Pour bien comprendre ce que notre texte veut dire, il est important de le remettre dans son contexte historique. Les Galates, à qui s'adresse cette lettre, avaient accepté Jésus-Christ dans leur vie. Ils s'étaient ouverts tout grand à l'amour de Dieu et avaient très bien démarré leur cheminement chrétien. Pourtant, des Juifs attachés au Judaïsme les avaient troublés par les anciens rites de la Loi de Moïse. Finalement ils étaient dans la confusion, englués dans des pratiques cérémonielles et ce bel élan du départ était stoppé.

Mon propos, c'est de dire que les rites religieux et le Saint-Esprit, cela ne colle pas ensemble. La pratique de la religion, c'est l'effort humain pour essayer d'atteindre Dieu, le Saint-Esprit nous conduit dans la connaissance de l'effort de Dieu pour nous atteindre. Il y a beaucoup à dire sur « l'esprit » de la Loi, il est sec, dur et sans amour, il est fier de ses propres exploits et intransigeant envers ceux qui ont des difficultés ; quand la propre nature de l'homme prend les choses en main, c'est une catastrophe. Vivre avec le Saint-Esprit c'est très vivifiant, l'expérience de la foi se renouvelle constamment, rien ne reste figé parce que l'Esprit de Dieu déverse en nous l'amour de Dieu. Il suffit de se laisser conduire et de se réjouir de la gloire de Dieu qui se manifeste en nous, en toute humilité. La compassion du Seigneur pour les faibles et les perdus nous envahit et nous devenons une main tendue. Mes amis, ne laissons pas notre propre nature nous imposer des « tu dois » ou « tu ne dois pas », mais écoutons le Saint-Esprit nous dire : « Fais ceci et tu seras heureux ».

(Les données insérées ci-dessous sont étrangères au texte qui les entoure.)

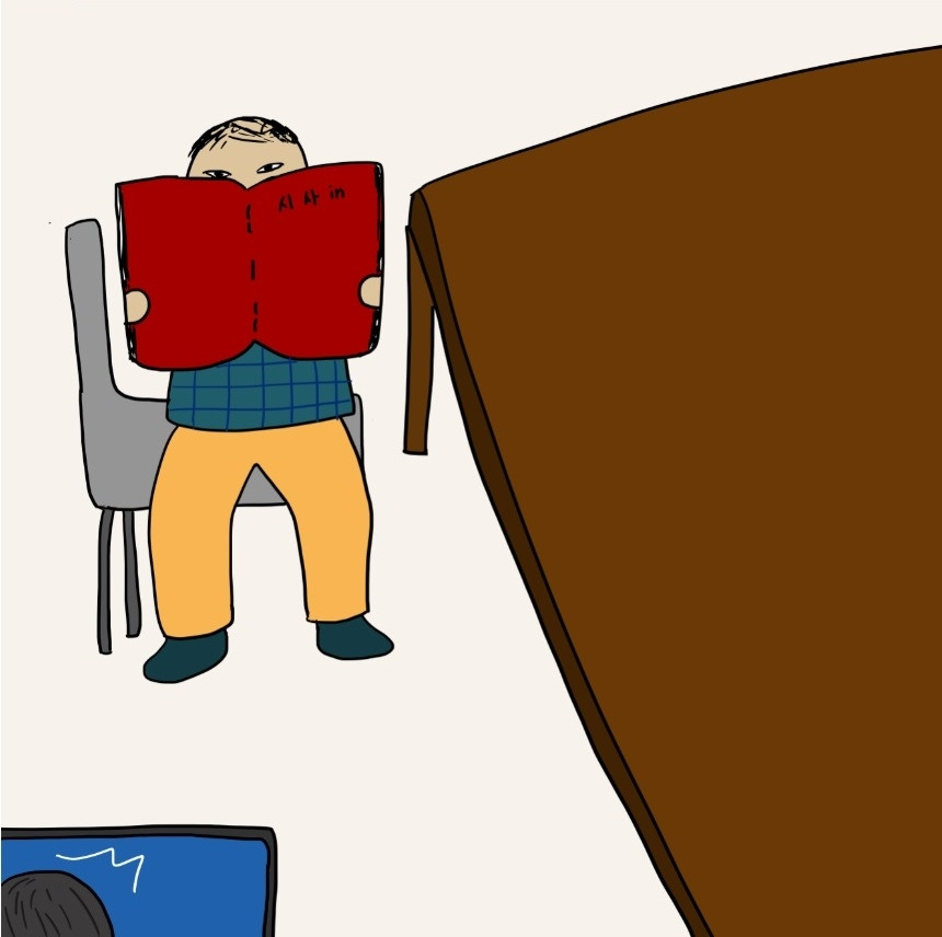 정기간행물로 얼굴을 가리면서 직원들을 훔쳐보는 이용자‘어? 웬 시선이 느껴지지? 이용자가 내 앞에 한 명도 안 와있는데? 이상하다?’

Galates 5.22 et 23 - Mais ce que l’Esprit Saint produit, c’est l’amour, la joie, la paix, la patience, la bienveillance, la bonté, la fidélité, la douceur et la maîtrise de soi. La loi n’est certes pas contre de telles choses !

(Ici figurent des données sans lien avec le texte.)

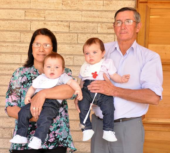 Nacieron el 21 de febrero último en la ciudad de Córdoba y fueron por partida doble: Juan Cruz y Bruno, que ya contaban con un hermano mayor, Mateo (6). Con tan sólo ocho meses sus padres dispusieron todo para el bautismo en San Juan y consiguiente almuerzo en el quincho que posee la mutual comercial de Santa Lucía, junto a casi un centenar de invitados lo que significó un reencuentro familiar. Juan Cruz y Bruno, son hijos de Marcela Caparrós (34), instrumentadora quirúrgica y su esposo, Horacio Bevilacqua (33), músico en el grupo de Jorge Rojas. Ella sanjuanina y él, cordobés. Fueron padrinos bautismales de Juan Cruz, Patricia Lomas y Sebastián Palacios. En tanto que para Bruno, lo fueron Jimena López Linares y Juan Manuel Iñones. Estuvieron sus abuelos: Olga Camargo y esposo, Miguel Ángel Caparrós con Leonor Leroux de Bevilacqua. La mamá describe a los mellizos como muy inquietos y derrochadores de simpatía.
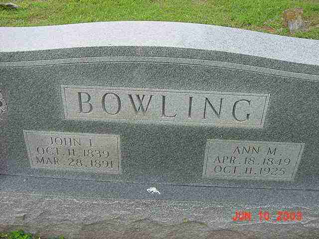 | Bowling | John L. | 11 Oct 1839 | 28 Mar 1891 | ossw Ann M. | 003 |

Quand nous parlons de ne plus être sous la Loi, certains réagissent en pensant que l'on peut faire n'importe quoi. Puisque nous sommes sous le régime de la grâce, allons-y gaiement, profitons de la vie sans retenue, le bon Dieu est si bon... NON ! C'est encore notre propre nature qui veut se satisfaire au détriment de la vérité biblique. Paul nous dresse une liste de ses dérives dans les versets qui précèdent notre texte : immoralité, vice, querelles et jalousie, envie et excès du boire et du manger... Il termine par un avertissement solennel : « Ceux qui agissent ainsi n’auront pas de place dans le Royaume de Dieu ! ».

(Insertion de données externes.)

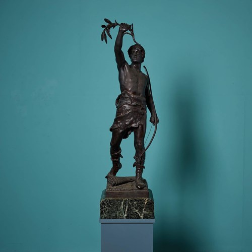 Stood on a stepped large rectangular base, this impressive patinated bronze gives a striking lustrous finish to this striking piece.
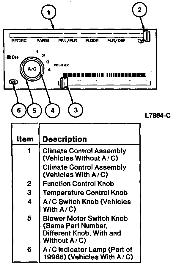 Vehicles equipped with A/C have a dual function blower motor switch equipped with both a rotary knob to control the blower motor and a push knob to control the A/C switch. The climate control assembly also contains the lamp for the A/C indicator.

Grâce ou pas grâce, il est clair qu'on ne peut pas vouer sa vie au péché impunément et qu'être rempli du Saint-Esprit se démontre, non pas par les dons, mais par une vie qui manifeste le caractère de Dieu sous l'aspect du fruit de l'Esprit. Jésus nous a dit que c'est aux fruits qu'on reconnaît l'état de santé d'un arbre (Matthieu 12.33). Nous pouvons régulièrement consulter notre baromètre spirituel en inspectant les fruits que nous portons. Cependant, je vous rappelle que la Loi ne peut pas nous aider non plus à manifester les fruits. L'application de règles strictes ne me rend pas meilleur, je suis tout aussi dominé par ma propre nature ! Nous avons un profond besoin de l'Esprit Saint de Dieu. Plus notre relation avec Lui sera saine, plus Il va manifester la vie de Dieu en nous. Il est la sève qui coule dans l'arbre pour amener les fruits à maturité. De bons fruits, bien colorés et juteux, plein de vie et de vitamines... Un être humain qui passe du temps avec le Saint-Esprit dégage naturellement autour de lui cette bonne odeur et cette fraicheur.